Para que tal empreitada tenha sucesso tanto a usual caracterização heróica do protagonista dá lugar ao retrato de um garoto frágil e vítima contumaz de bullying quanto, contrariando o arquétipo clássico do vampiro, a personagem Eli (Lina Leandersson) não é voltada prioritariamente à auto-satisfação por sangue e por eterna juventude (presa à satisfação da libido do ego, em terminologia freudiana), mas alguém que luta desesperadamente para preservar o ser que ama de sua própria necessidade hematológica.

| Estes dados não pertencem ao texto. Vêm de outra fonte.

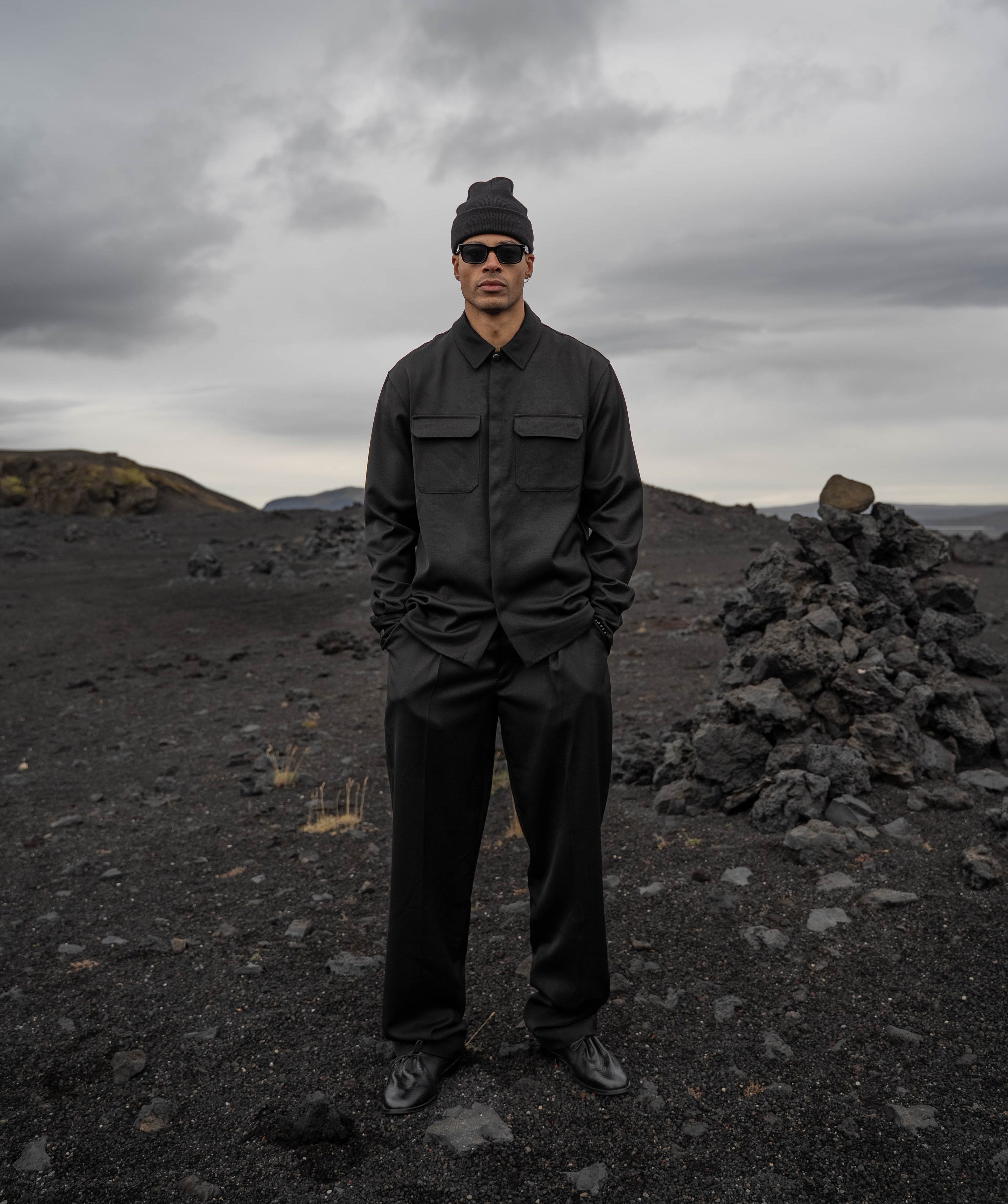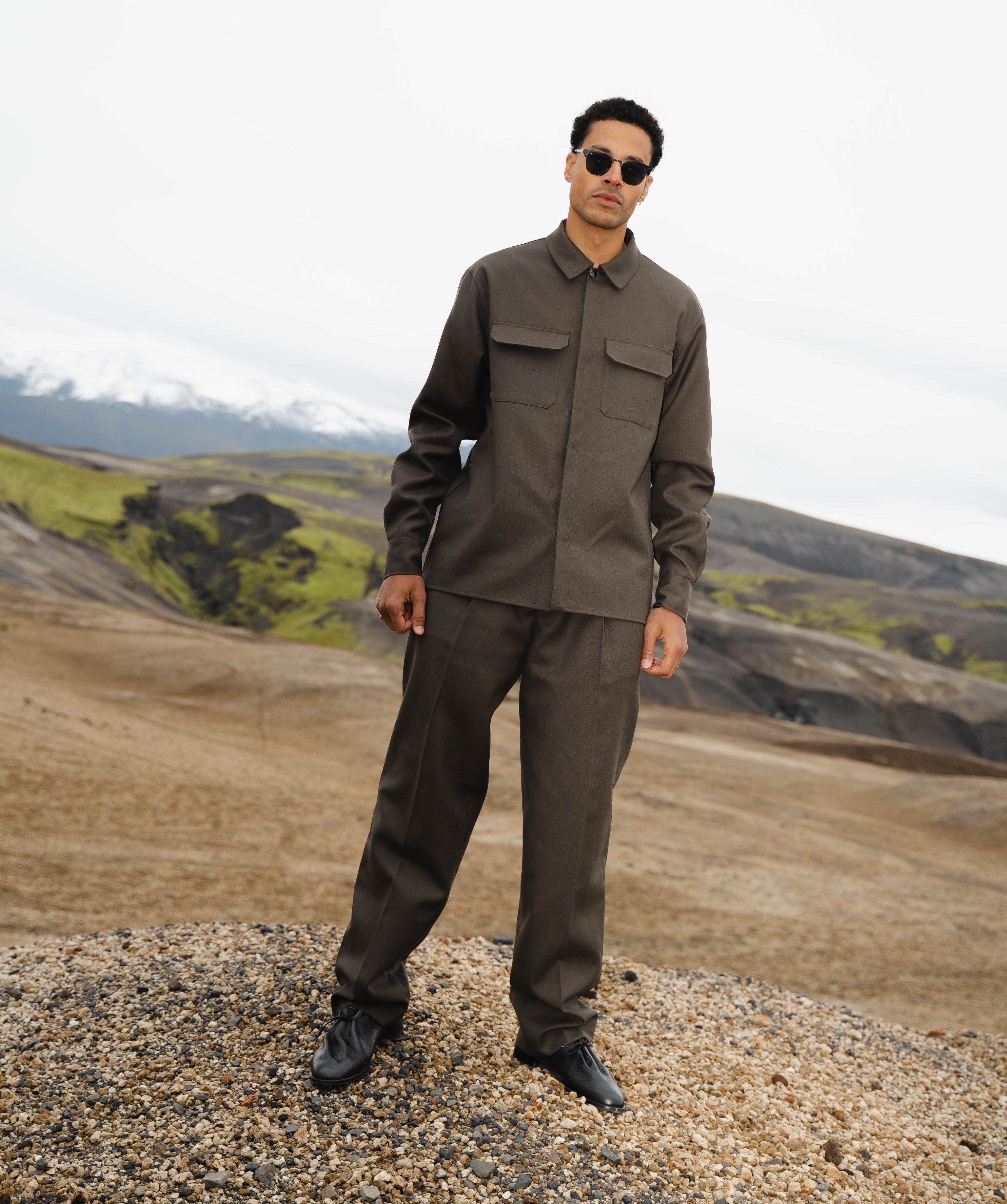 Wool overshirt and pants — clean lines, noble fabric, and a confident style that stands out through its simplicity and excellence.

A menção ao pai da psicanálise não é vã: Deixa Ela Entrar, um filme pleno de reflexões ora mais ora menos profundas concernentes à oposição entre pulsões de vida e pulsões de morte, é rico em leituras freudianas diversas. Mais um motivo para, como aponta Inagaki em um ótimo post, ao invés de rotulá-lo como filme de vampiro, parecer " mais adequado classificar Deixa Ela Entrar como um drama focado nos temas universais: amor e morte, desejo e destruição".

O ritmo da narrativa é descompassado, deixando ao espectador a tarefa de deduzir o que as elipses da montagem preferem não explicitar; sua decupagem combina amplos planos gerais da inóspita paisagem de inverno a planos fechados de interiores, com a fotografia explorando a brancura dominante da neve ou o tom pastel determinado pela direção de arte para as roupas e adornos – pontualmente contrastados ao vermelho vivo do sangue, como convém a filmes de vampiros.

O aspecto político da narrativa, pouco observado pelos críticos mas fundamental no livro que deu origem ao filme, busca traçar um paralelo entre a dissipação da barreira entre vampiros e seres humanos (através da relação entre Oskar e Eli) e entre comunistas e capitalistas (através da indistinção do modo de vida dos suecos do extremo norte e de seus quase-vizinhos russos). Isto se verifica tanto em relação ao grupo de adultos medíocres e alcoólatras que servirá para aplacar – literalmente - a sede de sangue de Eli quanto ao grupo de bullyers ao qual adentra o rapagão sanguinolento cujos métodos desprovidos de qualquer ética prefiguram a irrupção das máfias soviéticas.

Mas um dos aspectos superlativos de Deixa Ela Entrar é justamente sua capacidade de abarcar diferentes temáticas sem deixar de produzir, na essência, uma reflexão acerca de questões metafísicas como o tempo, a juventude, a superação do velho pelo novo. E, como que a coroar tais conquistas, culmina num clímax final com sequências antológicas.

7 comentários:

Aline disse...

Boa análise a sua. Seria realmente difícil desvendar a mensagem política do filme ou será que, no fundo, não há mensagem alguma?

Maurício Caleiro disse...

Aline,

O filme funciona muito bem sem atenção aos aspectos políticos. Mas eles estão lá - e são essenciais ao livro em que foi baseado, do mesmo autor do roteiro de Deixa Ela Entrar.

iaiá disse...

me deu vontade de ver o filme e mais ainad de ler o livro. muito interessante

Maurício Caleiro disse...

É um filme que envolve aos poucos. Eu vi cansado e de mau humor, mas ao final adorei!

Hugo Albuquerque disse...

Maurício,

Interessante. Como eu faço para encontrar esse filme?

Maurício Caleiro disse...

Vi no cinema, Hugo.

Acho que ainda está em cartaz em SP.

Um abraço,
Maurício.

gilberto tedeia disse...

gostei da dica; quanto à pergunta do Hugo, não é difícil achá-lo para baixar, com legende embutida.